* **Your assignment**: This task calls for the lines below starting at the one containing "Dans une prison" and ending at the one containing "无托腹灰色孕妇针织半身裙女秋冬季 小个子孕期开叉直筒裙子 中长款", repeated exactly with both ends kept and pictures left out.

* **Source information**:
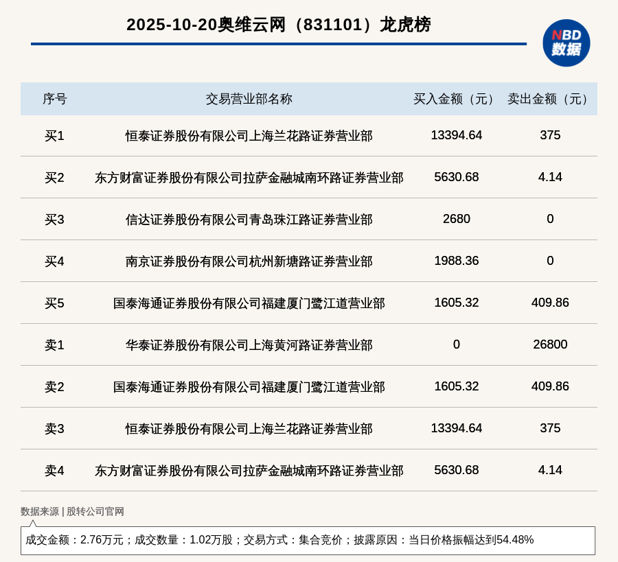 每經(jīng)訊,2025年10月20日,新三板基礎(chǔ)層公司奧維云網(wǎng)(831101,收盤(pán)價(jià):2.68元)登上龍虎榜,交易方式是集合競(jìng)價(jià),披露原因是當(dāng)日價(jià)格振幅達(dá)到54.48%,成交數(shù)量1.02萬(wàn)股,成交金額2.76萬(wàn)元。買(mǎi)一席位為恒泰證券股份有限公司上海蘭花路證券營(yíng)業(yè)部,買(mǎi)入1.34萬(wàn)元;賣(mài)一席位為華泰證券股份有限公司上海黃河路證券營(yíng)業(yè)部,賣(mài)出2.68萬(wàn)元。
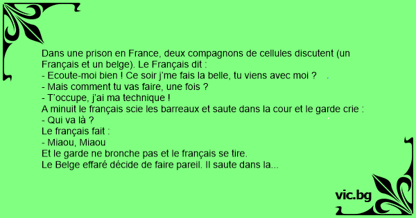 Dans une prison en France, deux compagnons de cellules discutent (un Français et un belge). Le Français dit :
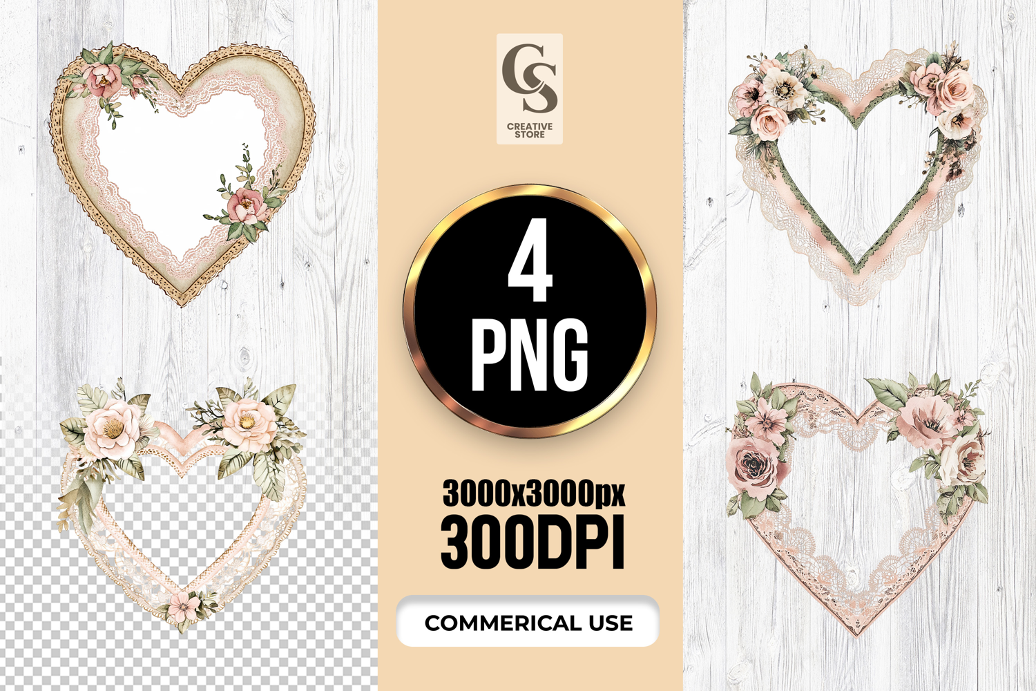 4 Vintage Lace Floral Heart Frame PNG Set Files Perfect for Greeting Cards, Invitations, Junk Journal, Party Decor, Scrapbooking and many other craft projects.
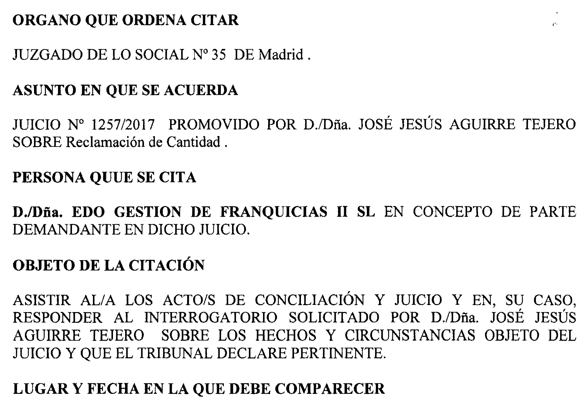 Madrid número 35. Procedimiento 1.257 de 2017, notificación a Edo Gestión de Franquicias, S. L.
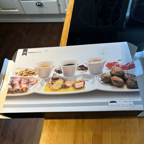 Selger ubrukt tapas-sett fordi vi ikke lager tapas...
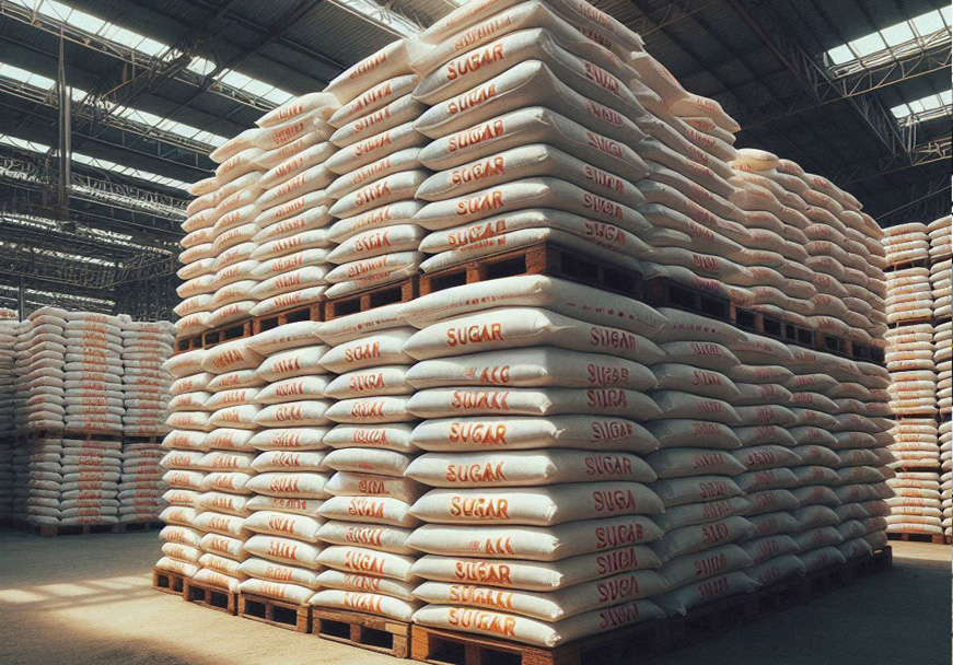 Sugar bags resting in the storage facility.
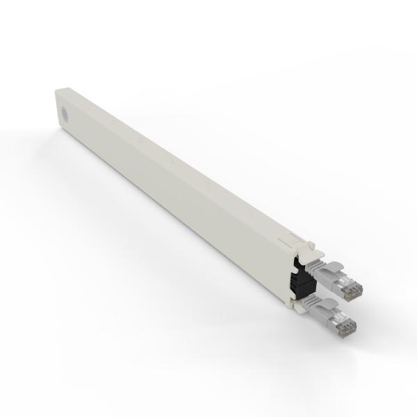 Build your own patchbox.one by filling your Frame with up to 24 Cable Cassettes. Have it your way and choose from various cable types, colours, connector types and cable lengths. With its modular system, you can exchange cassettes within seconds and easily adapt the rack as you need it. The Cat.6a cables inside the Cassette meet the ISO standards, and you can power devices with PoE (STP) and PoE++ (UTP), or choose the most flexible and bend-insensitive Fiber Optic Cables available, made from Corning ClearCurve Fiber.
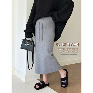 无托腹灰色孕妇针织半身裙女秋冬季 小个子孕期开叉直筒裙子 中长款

--

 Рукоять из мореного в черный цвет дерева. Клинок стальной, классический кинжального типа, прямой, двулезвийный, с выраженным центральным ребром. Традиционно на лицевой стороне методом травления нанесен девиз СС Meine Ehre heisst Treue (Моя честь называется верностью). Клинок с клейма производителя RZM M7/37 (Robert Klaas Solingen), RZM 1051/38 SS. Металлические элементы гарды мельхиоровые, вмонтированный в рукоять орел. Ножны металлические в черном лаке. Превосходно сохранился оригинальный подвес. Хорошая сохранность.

* **Response for this exercise**:
 Dans une prison en France, deux compagnons de cellules discutent (un Français et un belge). Le Français dit :
 4 Vintage Lace Floral Heart Frame PNG Set Files Perfect for Greeting Cards, Invitations, Junk Journal, Party Decor, Scrapbooking and many other craft projects.
 Madrid número 35. Procedimiento 1.257 de 2017, notificación a Edo Gestión de Franquicias, S. L.
 Selger ubrukt tapas-sett fordi vi ikke lager tapas...
 Sugar bags resting in the storage facility.
 Build your own patchbox.one by filling your Frame with up to 24 Cable Cassettes. Have it your way and choose from various cable types, colours, connector types and cable lengths. With its modular system, you can exchange cassettes within seconds and easily adapt the rack as you need it. The Cat.6a cables inside the Cassette meet the ISO standards, and you can power devices with PoE (STP) and PoE++ (UTP), or choose the most flexible and bend-insensitive Fiber Optic Cables available, made from Corning ClearCurve Fiber.
 无托腹灰色孕妇针织半身裙女秋冬季 小个子孕期开叉直筒裙子 中长款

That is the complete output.